▸ **Work instruction**:
Down to the last line, restate the records below word for word, dropping every image.

▸ **Information**:
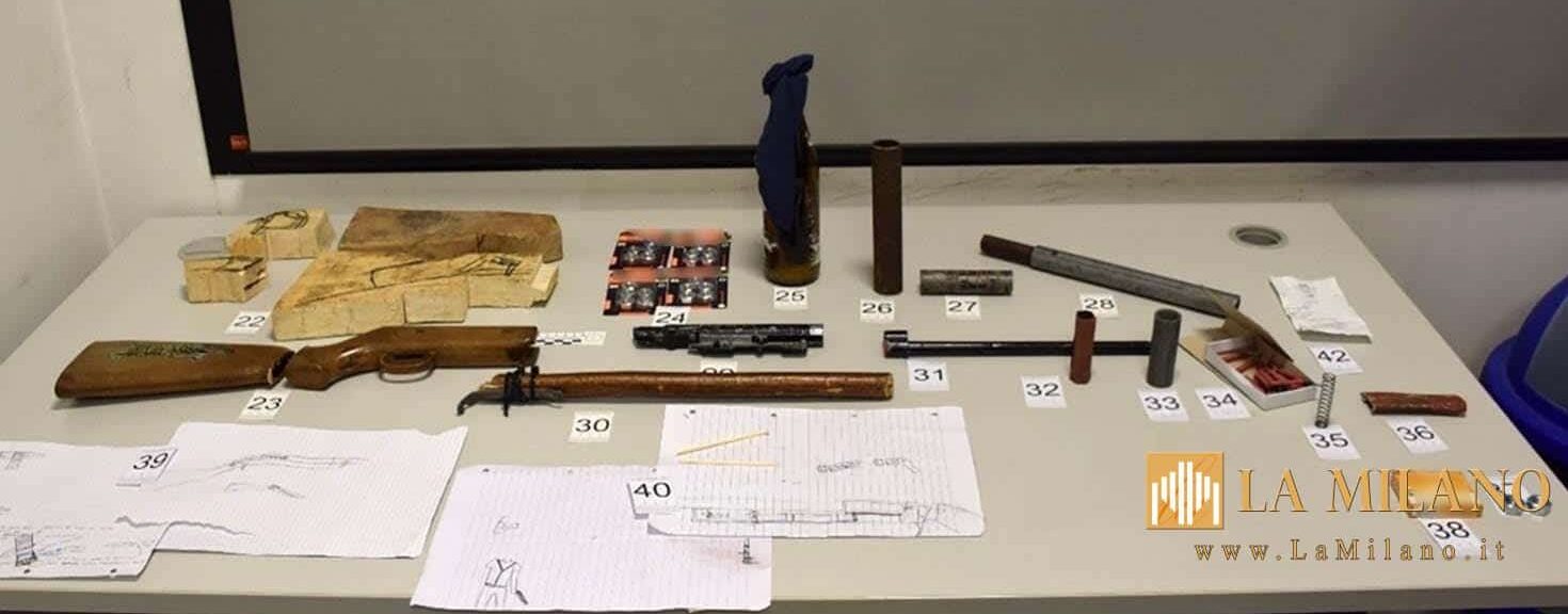 A seguito di tali evidenze, i poliziotti delle D.I.G.O.S. di Milano e Treviso hanno eseguito un decreto di perquisizione, nel corso della quale sono stati rinvenuti e sequestrati componenti pronti all’assemblaggio per la realizzazione di armi ed ordigni artigianali, oltre a fogli manoscritti con disegni di armi, parti d’armi e istruzioni per il confezionamento di munizioni artigianali. Elementi del tutto coerenti sono emersi anche dalla perquisizione informatica dei dispositivi in uso al giovane.
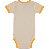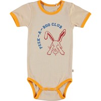 Fossie ist ein rosa Baby-Body mit Druck von Kaninchen und den Text: "Peek-a-boo-club" auf der Vorderseite, und einem orangen Kantenband. Der Body hat Knopfverschluss zwischen den Beinen. Ecocert Greenlife, certifikationsnr. 197496
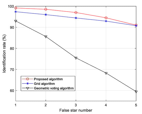 It is obvious that false stars have less influence on the identification performance of the proposed algorithm compared with the other two algorithms. When five false stars are added to the star images, the identification rate of the algorithm is 31.54% higher than the geometric voting algorithm and 0.28% higher than the grid algorithm.
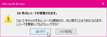 - 以下のメッセージが表示されたら[はい]ボタンをクリックします。
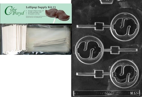 Cybrtrayd Dollar Sign Lolly Miscellaneous Chocolate Candy Mold with Lollipop Supply Bundle of 25 Lollipop Sticks, 25 Cello Bags, 25 Silver Twist Ties and Instructions
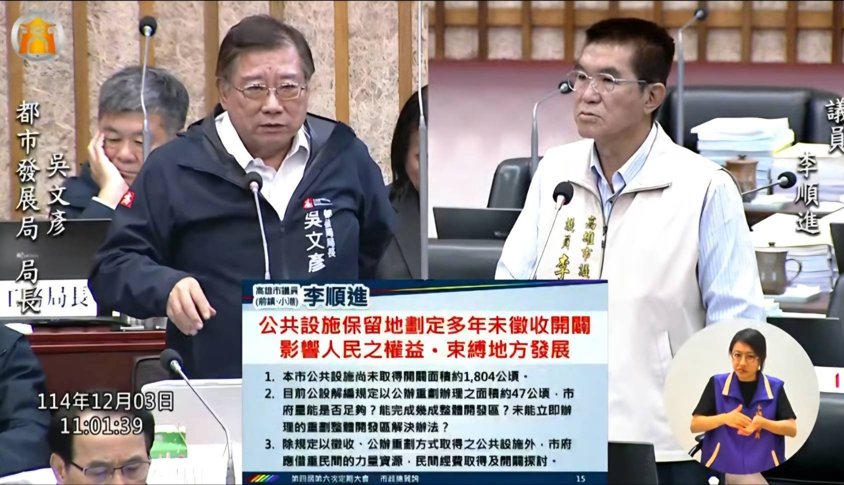 都發局長吳文彥表示,公設取得需考量「急迫性、公益性、財政負擔」等基準,將依照評估逐案處理,但仍無法滿足議員「全面加速」的主張。另外,在停車需求方面,李順進指出捷運運量提升代表城市發展良好,但停車位明顯不足,建議在前鎮民權花市、崗山仔、小港飛機及桂林飛機等四座公園增建地下停車場,以公私協力方式推動,打造三贏模式。
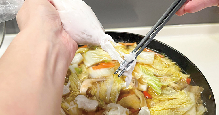料理|火鍋花枝漿基底(口味可自行調整)、花枝羹湯、自製花枝蝦卷、高麗菜卷、花枝煎餅。
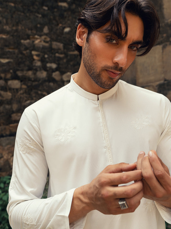 Semi-Formal Kurta Is Adorned With Refined Embroidery Along the Placket and Front Panel.
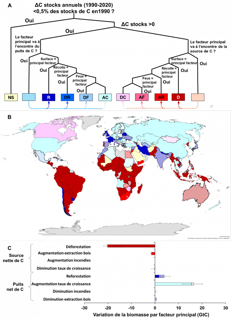 A. Pour chaque pays, les données de la FAO permettent de déterminer si la variation de son stock de carbone entre 1990 et 2020 est significative ou non (NS). Les pays peuvent présenter des variations de stock soit positives (cas des puits de carbone, couleurs bleues), soit négatives (cas des sources de carbone, couleurs rouges). Pour chaque pays, l’utilisation du modèle CRAFT pour établir des analyses contrefactuelles permet de déterminer la cause principale de la variation du stock de carbone. En bleu, les puits de carbone résultant principalement de R : la reforestation (expansion des surfaces de forêts) ; DR : la diminution de la récolte de bois ; DF : la diminution des feux de forêts ; AC : l’accélération de la croissance. En rouge, les sources de carbone résultant principalement de D : la déforestation ; AR : l’augmentation de la récolte de bois ; AF : l’augmentation des feux de forêts ; DC : la diminution de la croissance.
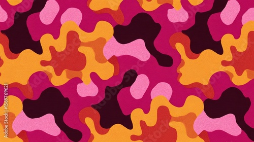 Seamless pattern of abstract gradient blobs and organic shapes in bright tones
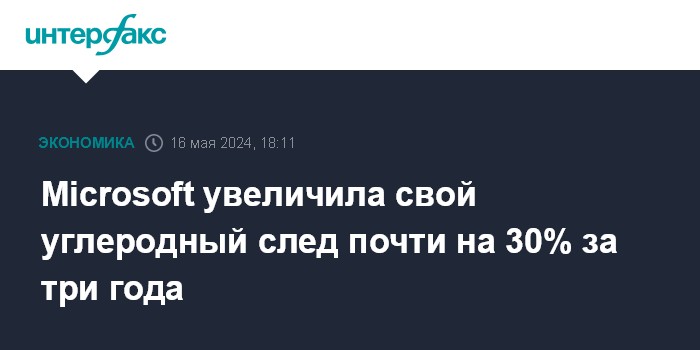 Москва. 16 мая. INTERFAX.RU - Американская Microsoft Corp. увеличила свой углеродный след за последние три года почти на 30%, что в значительной степени было обусловлено строительством центров обработки данных (ЦОД), на которых работают системы искусственного интеллекта и облачных вычислений.
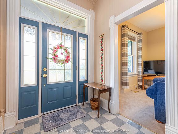 Beautifully maintained historic home with all of the amenities you are looking for. Proudly positioned on its double municipally serviced lot with its quintessential covered porch giving it a look of grandeur not often found in current day homes, especially in this price range. This historic 4 - 5 bedroom, 2 bathroom residence has retained the integrity of its original build with high white painted wood ceilings, corner piece original trim and custom lathed baseboard, built-ins, wooden doors with metal handles, and wood banisters with hand crafted newel posts. Blending timeless craftsmanship with modern convenience, this well-built home offers peace of mind thanks to updates like vinyl siding, municipal services, a durable steel roof, and more. From the driveway side there is a large 3 season sunroom which could be updated to create a 4 season family room. The kitchen is sunlit and offers ample cabinets with adjacent main level laundry and 3 piece bathroom close by with access to the garden patio and barbecue. The dining room is ideal for family and friend gatherings and the living room is airy and bright. A cozy main-level bedroom is located near the back door, overlooking the yard and Yonge Street, perfect as a guest room or a home office. Upstairs, you'll find four additional bedrooms and a spacious 4-piece bathroom.This residence offers all of the amenities of modern life, with an efficient forced air gas furnace, top-of-the-line black tile steel roof which was installed in 2019 and has a transferable warranty, basement for storage, and a bonus detached double car garage nestled back from the road with siding replaced in 2013 and roof done in 2015. A truly one-of-a-kind home, ready to offer years of cherished memories for its next family. Annual costs are reasonable gas $1,368.00, hydro $1,236.00, water heater rental $300.00, water/sewer $1,098.00.
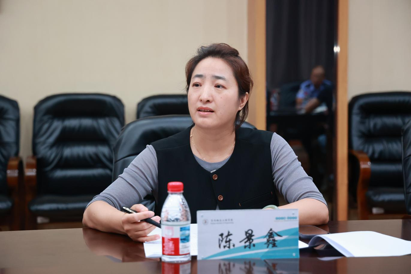 陈景鑫表示学校高度重视师生反诈宣传教育工作的开展,为进一步落实此项工作,她提出三点要求:一是要将反诈宣传教育工作纳入学生前瞻教育工作中,通过新生报到日、主题班会、集中宣讲、关注反诈公众号等途径,实现线上与线下宣传教育有机结合;二是要不断创新工作举措,加强反诈宣传教育成效,进一步增强师生反诈意识;三是要建立警校工作联络群,形成双向互通互联机制,增进双方沟通和交流,共同维护好广大师生的切身利益,营造平安和谐的教书育人环境。
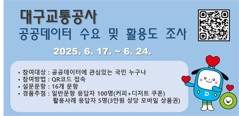 공공데이터에 관심 있는 시민은 누구든지 공사 홈페이지와 공식 SNS 채널의 팝업존 또는 QR코드를 통해 설문에 참여할 수 있다. 공사는 이번 설문조사를 통해 수렴된 시민 의견을 향후 공공데이터 운영 정책에 적극 반영할 계획이다.
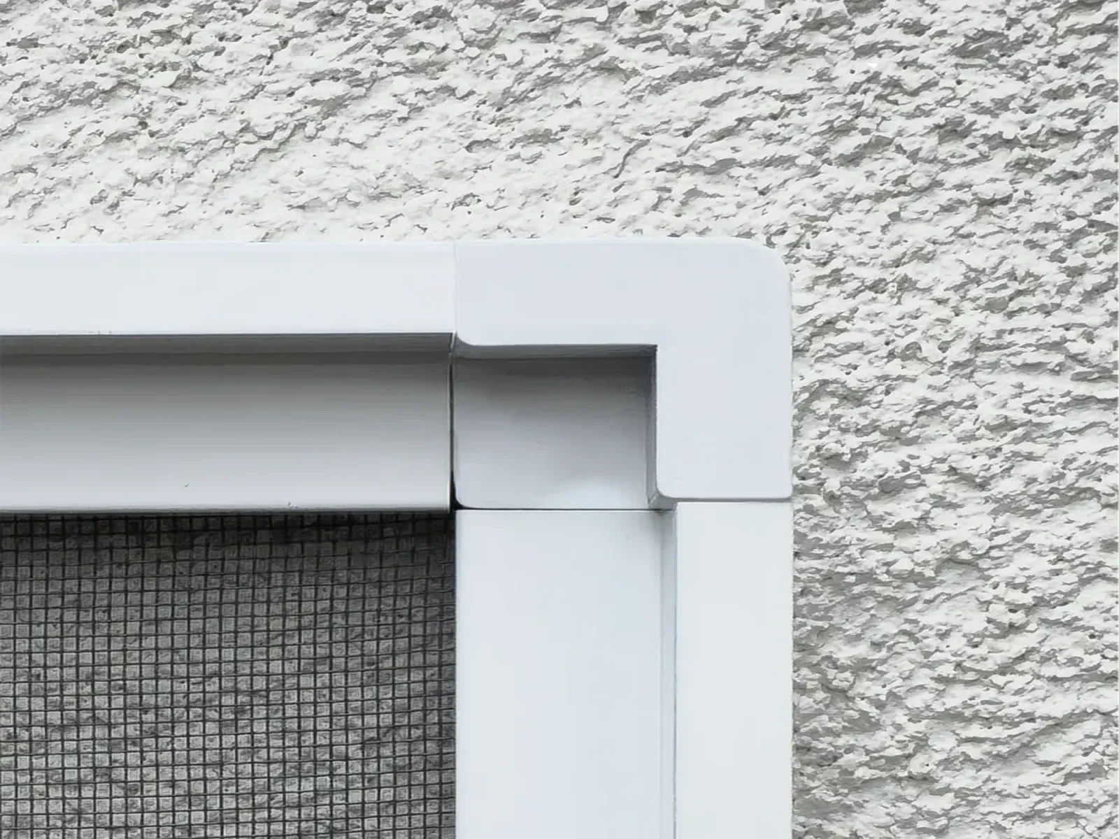 Sieťky proti hmyzu na OKNO - pevné KLIK sa odlišujú od modelu LUX v tom, že rohový spájač je plastový a viditeľný. Profily sú rezané pod 90° uhlom.

▸ **Response to this exercise**:
 A seguito di tali evidenze, i poliziotti delle D.I.G.O.S. di Milano e Treviso hanno eseguito un decreto di perquisizione, nel corso della quale sono stati rinvenuti e sequestrati componenti pronti all’assemblaggio per la realizzazione di armi ed ordigni artigianali, oltre a fogli manoscritti con disegni di armi, parti d’armi e istruzioni per il confezionamento di munizioni artigianali. Elementi del tutto coerenti sono emersi anche dalla perquisizione informatica dei dispositivi in uso al giovane.
 Fossie ist ein rosa Baby-Body mit Druck von Kaninchen und den Text: "Peek-a-boo-club" auf der Vorderseite, und einem orangen Kantenband. Der Body hat Knopfverschluss zwischen den Beinen. Ecocert Greenlife, certifikationsnr. 197496
 It is obvious that false stars have less influence on the identification performance of the proposed algorithm compared with the other two algorithms. When five false stars are added to the star images, the identification rate of the algorithm is 31.54% higher than the geometric voting algorithm and 0.28% higher than the grid algorithm.
 - 以下のメッセージが表示されたら[はい]ボタンをクリックします。
 Cybrtrayd Dollar Sign Lolly Miscellaneous Chocolate Candy Mold with Lollipop Supply Bundle of 25 Lollipop Sticks, 25 Cello Bags, 25 Silver Twist Ties and Instructions
 都發局長吳文彥表示,公設取得需考量「急迫性、公益性、財政負擔」等基準,將依照評估逐案處理,但仍無法滿足議員「全面加速」的主張。另外,在停車需求方面,李順進指出捷運運量提升代表城市發展良好,但停車位明顯不足,建議在前鎮民權花市、崗山仔、小港飛機及桂林飛機等四座公園增建地下停車場,以公私協力方式推動,打造三贏模式。
料理|火鍋花枝漿基底(口味可自行調整)、花枝羹湯、自製花枝蝦卷、高麗菜卷、花枝煎餅。
 Semi-Formal Kurta Is Adorned With Refined Embroidery Along the Placket and Front Panel.
 A. Pour chaque pays, les données de la FAO permettent de déterminer si la variation de son stock de carbone entre 1990 et 2020 est significative ou non (NS). Les pays peuvent présenter des variations de stock soit positives (cas des puits de carbone, couleurs bleues), soit négatives (cas des sources de carbone, couleurs rouges). Pour chaque pays, l’utilisation du modèle CRAFT pour établir des analyses contrefactuelles permet de déterminer la cause principale de la variation du stock de carbone. En bleu, les puits de carbone résultant principalement de R : la reforestation (expansion des surfaces de forêts) ; DR : la diminution de la récolte de bois ; DF : la diminution des feux de forêts ; AC : l’accélération de la croissance. En rouge, les sources de carbone résultant principalement de D : la déforestation ; AR : l’augmentation de la récolte de bois ; AF : l’augmentation des feux de forêts ; DC : la diminution de la croissance.
 Seamless pattern of abstract gradient blobs and organic shapes in bright tones
 Москва. 16 мая. INTERFAX.RU - Американская Microsoft Corp. увеличила свой углеродный след за последние три года почти на 30%, что в значительной степени было обусловлено строительством центров обработки данных (ЦОД), на которых работают системы искусственного интеллекта и облачных вычислений.
 Beautifully maintained historic home with all of the amenities you are looking for. Proudly positioned on its double municipally serviced lot with its quintessential covered porch giving it a look of grandeur not often found in current day homes, especially in this price range. This historic 4 - 5 bedroom, 2 bathroom residence has retained the integrity of its original build with high white painted wood ceilings, corner piece original trim and custom lathed baseboard, built-ins, wooden doors with metal handles, and wood banisters with hand crafted newel posts. Blending timeless craftsmanship with modern convenience, this well-built home offers peace of mind thanks to updates like vinyl siding, municipal services, a durable steel roof, and more. From the driveway side there is a large 3 season sunroom which could be updated to create a 4 season family room. The kitchen is sunlit and offers ample cabinets with adjacent main level laundry and 3 piece bathroom close by with access to the garden patio and barbecue. The dining room is ideal for family and friend gatherings and the living room is airy and bright. A cozy main-level bedroom is located near the back door, overlooking the yard and Yonge Street, perfect as a guest room or a home office. Upstairs, you'll find four additional bedrooms and a spacious 4-piece bathroom.This residence offers all of the amenities of modern life, with an efficient forced air gas furnace, top-of-the-line black tile steel roof which was installed in 2019 and has a transferable warranty, basement for storage, and a bonus detached double car garage nestled back from the road with siding replaced in 2013 and roof done in 2015. A truly one-of-a-kind home, ready to offer years of cherished memories for its next family. Annual costs are reasonable gas $1,368.00, hydro $1,236.00, water heater rental $300.00, water/sewer $1,098.00.
 陈景鑫表示学校高度重视师生反诈宣传教育工作的开展,为进一步落实此项工作,她提出三点要求:一是要将反诈宣传教育工作纳入学生前瞻教育工作中,通过新生报到日、主题班会、集中宣讲、关注反诈公众号等途径,实现线上与线下宣传教育有机结合;二是要不断创新工作举措,加强反诈宣传教育成效,进一步增强师生反诈意识;三是要建立警校工作联络群,形成双向互通互联机制,增进双方沟通和交流,共同维护好广大师生的切身利益,营造平安和谐的教书育人环境。
 공공데이터에 관심 있는 시민은 누구든지 공사 홈페이지와 공식 SNS 채널의 팝업존 또는 QR코드를 통해 설문에 참여할 수 있다. 공사는 이번 설문조사를 통해 수렴된 시민 의견을 향후 공공데이터 운영 정책에 적극 반영할 계획이다.
 Sieťky proti hmyzu na OKNO - pevné KLIK sa odlišujú od modelu LUX v tom, že rohový spájač je plastový a viditeľný. Profily sú rezané pod 90° uhlom.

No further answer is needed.